Friday, July 15, 2011

Jason goes to Silentfest--Opening Night

The most intense 4 days for a Bay Area cinephile have begun--Silentfest, or the San Francisco Silent Film Festival, or SFSFF, or (SF)^2 Fest. Whatever you call it, I expect my eyeballs to be exhausted by the end of Sunday.

After a few opening words about preserving the opening films from an archive in New Zealand (with help from Peter Jackson's lab), we launched right into the first program.

WHY HUSBANDS CHEAT (1918): We start with a short by Al Christie, starring Dorothy Dane and Bobby Vernon. They're newlyweds, just six months. But it's hard for him to settle down after being such a "gay boy" so he feels the call of the wild and goes out looking for a good time. Too bad he finds his wife's old college chum, and wacky hijinx ensue. Pretty funny, and not just for the anachronistic usage of "gay boy," although that did get the biggest life.

UPSTREAM (1927): William Fox's cavalcade of wacky hijinx, set in theatrical boarding house. If life is a stage, a theatrical boarding house is positively burlesque. The house is full of zany, colorful, and constantly broke characters. But the main conflict is between knife thrower Juan Rodriguez (nee Jack Rogers) and young Brashingham, latest (and least) of a famous acting family. See, they both have their eye on the same girl, Rodriguez's partner in the knife act, but she's got eyes for Brashingham. A great stroke of luck comes in the form of an agent who is specifically looking for Brashingham. See, a company in London wants him his name to play Hamlet, and it doesn't matter that he's a terrible actor. But with a little help from an elder in the house, he actually does a good job and becomes a star. And is away building his fame just long enough to lose the girl and come back as a total insufferable jerk. Good story, nicely framed moral (that's an inside joke for those who know the final scene), and a wild cast of zany characters (especially Callahan and Callahan). And a great and humorous accompaniment by the Donald Sosin Ensemble.

After the show, there was a big announcement by Kevin Brownlow (a superhero in the silent film world) about a fantastic upcoming screening of Abel Gance's NAPOLEAN (1927) at the Paramount in Oakland next March 24, 25, 31, and April 1 (4 shows only).

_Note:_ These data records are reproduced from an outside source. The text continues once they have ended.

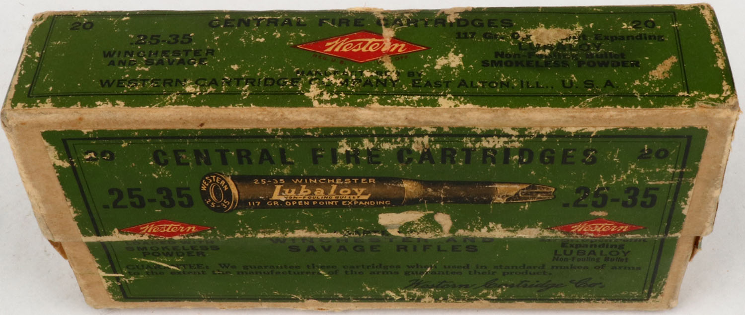 Western, .25-35 Adapted to Winchester and Savage Rifles, 117 Gr. Open Point Expanding Lubaloy Non-Fouling Bullet, FULL & SEALED, 2pc. Buff box with green labels, box is solid with excellent color, shelf wear, edge wear, labels are intact. Grade: Very Good ++ - Value: 50 to 150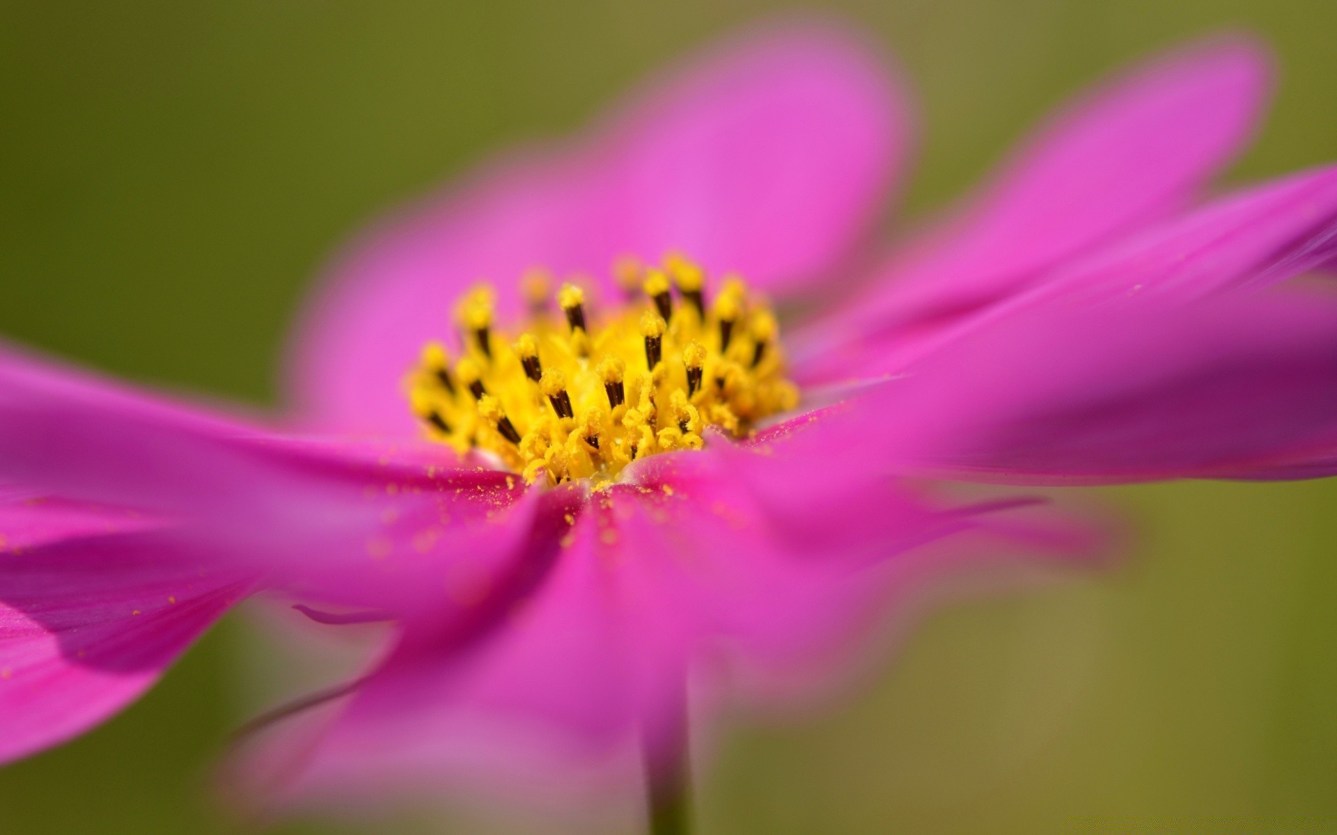 Centre jaune de cynia framboise sur fond vert flou
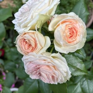 🥀クラリス…後半組のマーサ・エクリュに続き開花し始めてます╰(*´︶`*)╯♡ 比較的新しくお迎えした薔薇に比べると小振りの花で…より可愛らしく見えます🤭 小さいながらに杏色もほのかに色付き出して綺麗な姿で咲いていますが、今年は蕾は4個しかついていません(⌒-⌒; ) 🌿だけでも楽しめる綺麗な葉なので…オベリスクに巻きつけてコンパクトにつるバラのように夏場はワサワサにしてみたい…🤭 🏷️我が家のクラリス姫👸 備忘録までに…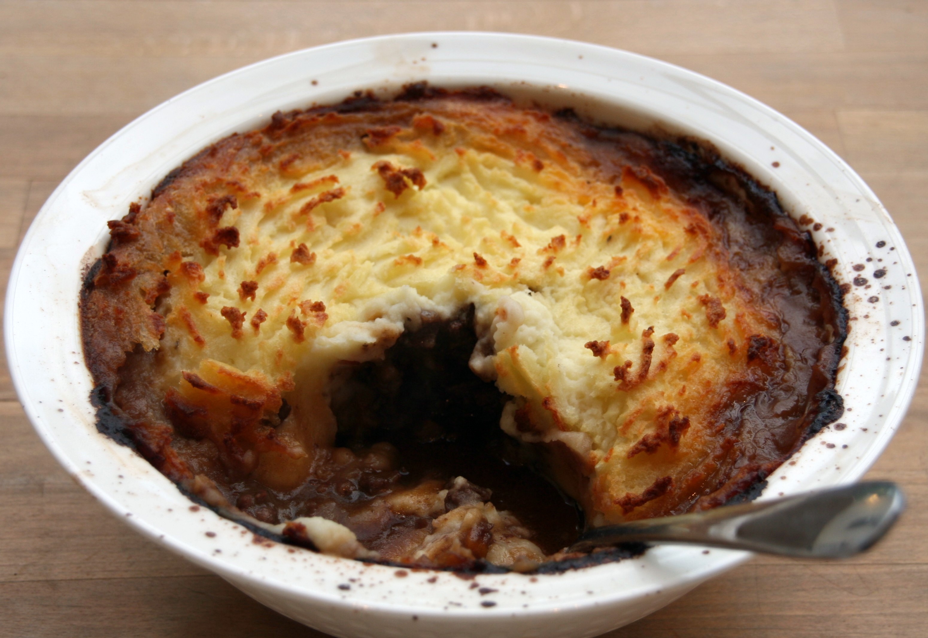 To assemble, spoon the meat mixture into a baking dish and spread the potato and leeks on the top, using a fork to rough up the texture.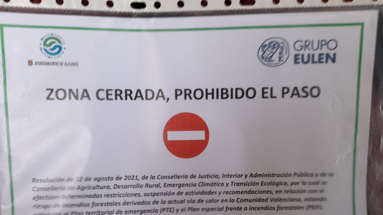 La citada resolución del Consell supone la aplicación de medidas preventivas de obligado cumplimiento como la prohibición del tránsito de personas por senderos y campo a través y la suspensión de actividades en los espacios forestales y otras como el uso festivo-recreativo del fuego con motivos festivos.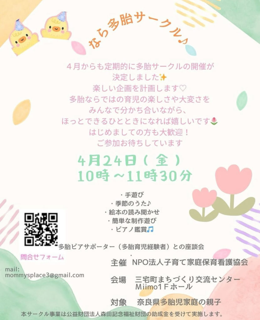 今年度も4月から定期的に、多胎サークルを開催します✨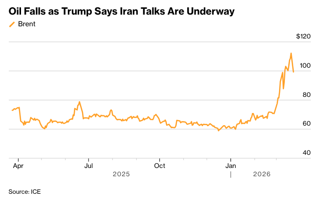 布伦特原油一度下跌超过14%,随后收窄跌幅,因伊朗否认了相关会谈,但最终收于100美元以下。标普500指数上涨约1%。债券收益率和美元回落,交易员减少了对美联储更加鹰派的押注,预计今年将降息几个基点。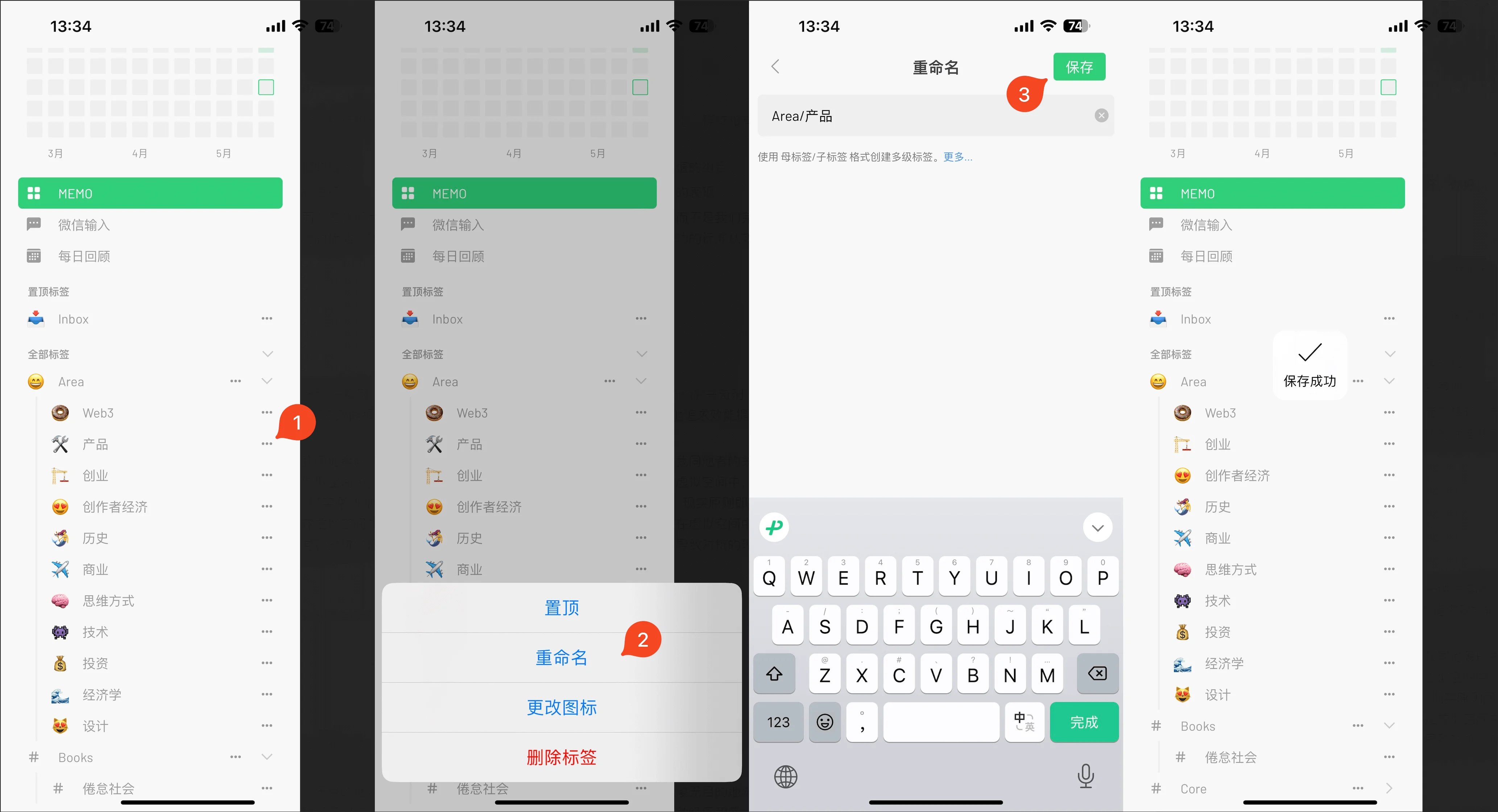 输入完标签名后,按下保存按钮。这样,你的笔记就会被成功添加到相应的标签分类中啦

Restoring this film has been Kevin Brownlow's life work, and he'll be talking about it Sunday morning in the free Amazing Tales From The Archives program at 10 am. This screening will include a full orchestra score, and is described as the Cinema Event of a Lifetime, and I wouldn't disagree. I might just try to make all 4 screenings.

And then the second show of the night was SUNRISE (1927). I've seen this before, at the SF International years ago with a live soundtrack by Lambchop. Well, this time it couldn't be more different. In fact, no one has seen it like this before. Giovanni Spinelli was commissioned to write a score...a score that would consist of him, solo, on electric guitar. Purists may leave now.

So I'm not going to recap the plot of SUNRISE. I'll assume you've seen it, and if that's not true this won't interest you much anyway. Instead my review has to be about the soundtrack experience. I will start by saying that it took at least 10-20 minutes for it to not be distracting all the time. And even then it was always eerie, highlighting the supernatural, uneasy elements of what is essentially a very simple plot about a man torn between two loves. In fact, I have to take a bit of a detour now.

I love F.W. Murnau's NOSFERATU. Always have, as long as I can remember, from well before I was generally a silent film fan. So when SFIFF played SUNRISE and called it Murnau's masterpiece, I was intrigued--I knew him as the guy who made this amazing supernatural horror movie, and this simple story about a man tempted by a sinister love before he returns to his wife is his masterpiece? I recognized the amazing cinematography and set design (which still amazes), but I liked the supernatural horror more. Well, what I realized watching and listening to Spinelli's score is this: SUNRISE is a supernatural horror film. It's not a love triangle, it's a succubus story. At least, it was with this soundtrack, and I loved that. And realizing that, it suddenly seems obvious. When ghost images of the city girl haunt the man, that's not his memory or desire metaphorically haunting him, that's a sex demon literally haunting him. It's suddenly much more meaningful to me that his full recovery from the succubus comes in a church, watching a wedding. And there are a dozen other moments that fit the succubus story. I'm not sure I'll ever be able to watch this again and not see it as supernatural horror.

I just have to end by saying that I've now seen SUNRISE twice. Both times at the Castro theater with a live score, and to purists I've never seen it the "right" way (which I'd like to do). That's weird.